A residual is the difference between a predicted value of dependent variable y
with the actual value of y
.
Residual = predicted Y - actual Y
ri = yi - ŷi
When you have a negative residual, it means the predicted value is too high. A positive residual means your predicted value is too low. A linear regression should minimise the amount of residuals it has.
Concept of Residuals
As you might know, the goal of a linear regression is to predict the value of a dependent variable based on the value of an independent variable.
The regression line is a prediction for each observation in the dataset, but it’s very unlikely that the line will match all the values you’re observing.
Residuals are the differences between the predicted and the observed values.
When we plot the observed values and place the fitted regression line, we can calculate the vertical distance between predicted y
and actual y
:
Since we have 8 observations in the example, then we’ll have 8 residual values. The sum and mean of all residual values are always near zero.
Example of calculating residuals
Let’s see an example of predicting a person’s height based on their age. Here’s a case of simple linear regression to calculate the residuals.

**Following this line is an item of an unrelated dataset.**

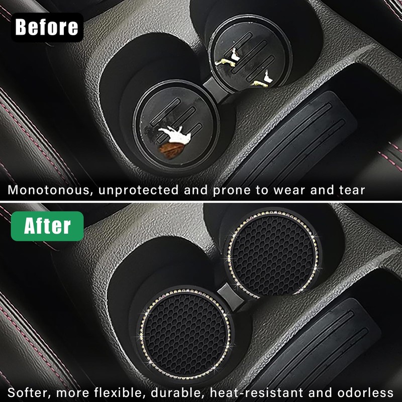 -The shiny crystal rhinestones can decorate your car water cup holder and make it look more luxurious.

Suppose you have a dataset of 8 individuals with their respective ages (in years) and heights (in inches):
Person | Age | Height |
---|---|---|
1 | 20 | 60 |
2 | 25 | 67 |
3 | 30 | 57 |
4 | 35 | 63 |
5 | 40 | 72 |
6 | 45 | 73 |
7 | 50 | 65 |
8 | 55 | 72 |
Using a statistical software, we found the linear regression equation as follows:
54.42 + 0.31(x)
Knowing this, we can start calculating the residual values. For example, to calculate the residual of Person 1
:
Predicted Y = 54.42 + 0.31(20) = 60.62
Residual = 60 - 60.62 = -0.62
You can then calculate the rest of the residual values using the same equation:
Person | Age | Height | Predicted Height | Residuals |
---|---|---|---|---|
1 | 20 | 60 | 60.62 | -0.62 |
2 | 25 | 67 | 62.17 | 4.83 |
3 | 30 | 57 | 63.72 | -6.72 |
4 | 35 | 63 | 65.27 | -2.27 |
5 | 40 | 72 | 66.82 | 5.18 |
6 | 45 | 73 | 68.37 | 4.63 |
7 | 50 | 65 | 69.92 | -4.92 |
8 | 55 | 72 | 71.47 | 0.53 |
The sum of the residuals are 0.64
and the average (mean) is 0.08
.
Summary
A residual is the difference between a predicted value of a dependent variable and the actual observed value of that variable.

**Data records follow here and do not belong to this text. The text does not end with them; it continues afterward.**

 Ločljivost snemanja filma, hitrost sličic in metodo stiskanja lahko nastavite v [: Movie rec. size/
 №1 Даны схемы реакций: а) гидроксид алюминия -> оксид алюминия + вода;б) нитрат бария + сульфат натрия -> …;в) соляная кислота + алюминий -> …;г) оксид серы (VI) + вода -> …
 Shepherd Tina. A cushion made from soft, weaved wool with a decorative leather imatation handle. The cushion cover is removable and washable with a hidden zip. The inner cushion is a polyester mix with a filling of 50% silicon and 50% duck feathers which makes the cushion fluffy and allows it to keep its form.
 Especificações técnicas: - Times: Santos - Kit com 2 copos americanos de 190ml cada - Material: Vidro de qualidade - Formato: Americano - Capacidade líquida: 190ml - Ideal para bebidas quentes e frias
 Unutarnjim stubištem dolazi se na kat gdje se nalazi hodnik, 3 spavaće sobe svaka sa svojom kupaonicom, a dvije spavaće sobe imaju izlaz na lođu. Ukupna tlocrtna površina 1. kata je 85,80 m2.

Residuals provide valuable diagnostic information about the regression model’s goodness of fit, assumptions, and potential areas for improvement.
They help assess the reliability and validity of the regression analysis, enabling researchers and analysts to make informed decisions based on the model’s performance and suitability for the data at hand.
With this tutorial, you’ve learned how to calculate the residuals for each dependent variable in a linear regression.
I hope this tutorial helps. Happy analyzing!